Table 1. Descriptive statistics of the study population (n = 189).

2.2 Features

We grouped features into three categories: raw audio (16 kHz unprocessed speech), raw text (transcribed speech), and tabular features derived from audio (COVAREP and formants) and text (lexical metrics), totaling 550 features (543 audio, 7 text). For model training, we randomly cropped 30-second segments per interview, aligning corresponding text and tabular features, which allowed multiple samples per visit and improved model robustness. Audio features were extracted at 10 ms intervals and aggregated over the crop. To evaluate modality contributions, we tested seven configurations: (1) audio only, (2) text only, (3) tabular only, (4) audio + text, (5) audio + tabular, (6) text + tabular, and (7) full multimodal fusion. This setup enables systematic comparison of unimodal versus multimodal approaches. Full feature descriptions are provided in the Supplementary Material.

2.3 Target

The dataset is labeled using the PHQ-8 score, which is based on participants’ responses to eight questions assessing symptoms such as mood and appetite Kroenke et al. (19). For analysis, a binary label was created using a threshold of 10: participants with a score above 10 were classified as exhibiting depressive symptoms, while those with a score of 10 or lower were considered non-depressed.

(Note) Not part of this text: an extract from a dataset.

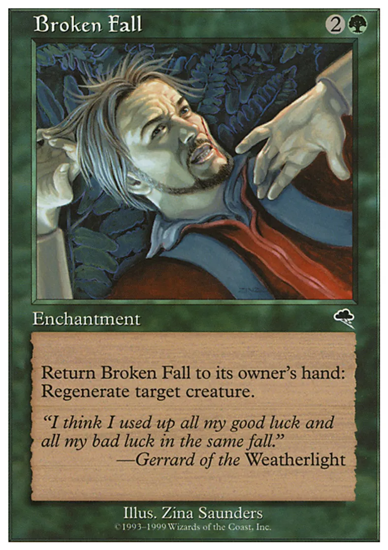 | Oracle Text | Return Broken Fall to its owner's hand: Regenerate target creature. | ||
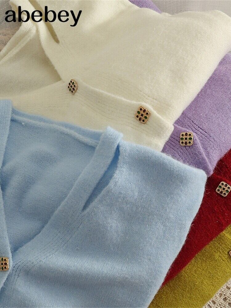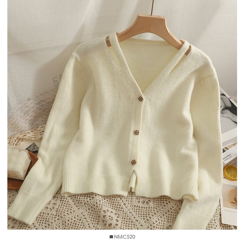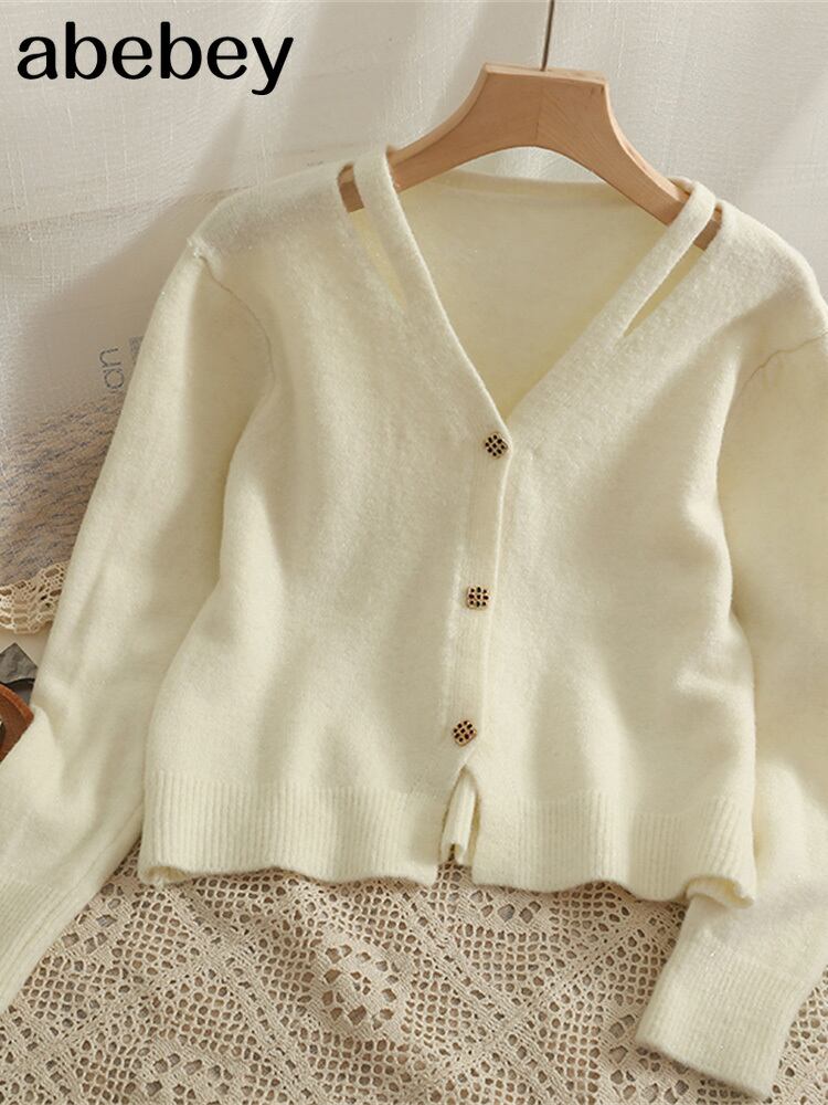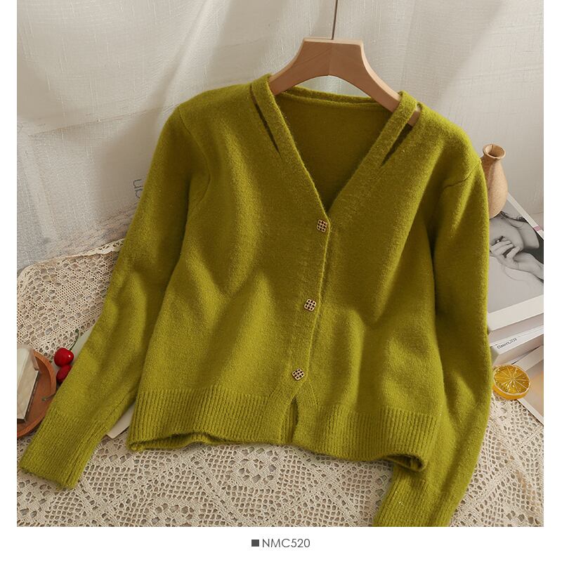女性ニットカーディガンセーター秋長袖ルーズコートボタン厚手のVネックソリッドトップス2022 ロング オータム 秋物 ソリッドカラー Abe19417429423

This threshold is widely used in clinical and research settings to identify individuals at risk for depression, enabling straightforward binary classification in subsequent modeling.

2.4 Models

For the audio model, speech waveforms were processed at 16 kHz in 30-second chunks with 50% overlap. We used a pretrained Wav2Vec2 model, and each chunk produced a binary prediction (“depressed” or “ not depressed”). Final patient-level predictions were computed by averaging the chunk-level outputs. For the text model, transcripts were concatenated into a single sequence per patient, tokenized with a maximum length of 256 tokens, and processed using a BERT model. The output was binary, similar to the audio model. Tabular features included both audio-derived (COVAREP and formants) and text-derived features (extracted via SpaCy). These were combined into a single table per patient and modeled using XGBoost with cross-validation for evaluation. For multimodal modeling, we applied late fusion by computing a weighted average of the outputs from each modality, followed by calibration using logistic regression. This approach allowed systematic integration of complementary information from audio, text, and tabular features. Further model hyperparameter configurations are provided in the Supplementary Material.

2.5 Performance evaluation

We assessed model performance primarily using the area under the receiver operating characteristic curve (AUROC), a widely adopted ranking-based metric that is robust to class imbalance. Specifically, we report the macro AUROC, which captures overall discriminative performance without requiring predefined decision thresholds. Recent studies (20) have highlighted AUROC’s advantages over alternatives such as the area under the precision-recall curve (AUPRC), particularly in imbalanced settings. Confidence intervals (95%) were estimated via bootstrapping on the test set. Complementary metrics, including precision, recall, and F1-score, were also reported to provide a nuanced assessment of predictive performance. Precision measures the proportion of true positives among all positive predictions, recall quantifies the ability to detect all actual positive cases, and the F1-score, as the harmonic mean of precision and recall, is particularly informative in class-imbalanced data. These metrics are critical in our context, where false negatives, missed cases of depression, carry important clinical consequences.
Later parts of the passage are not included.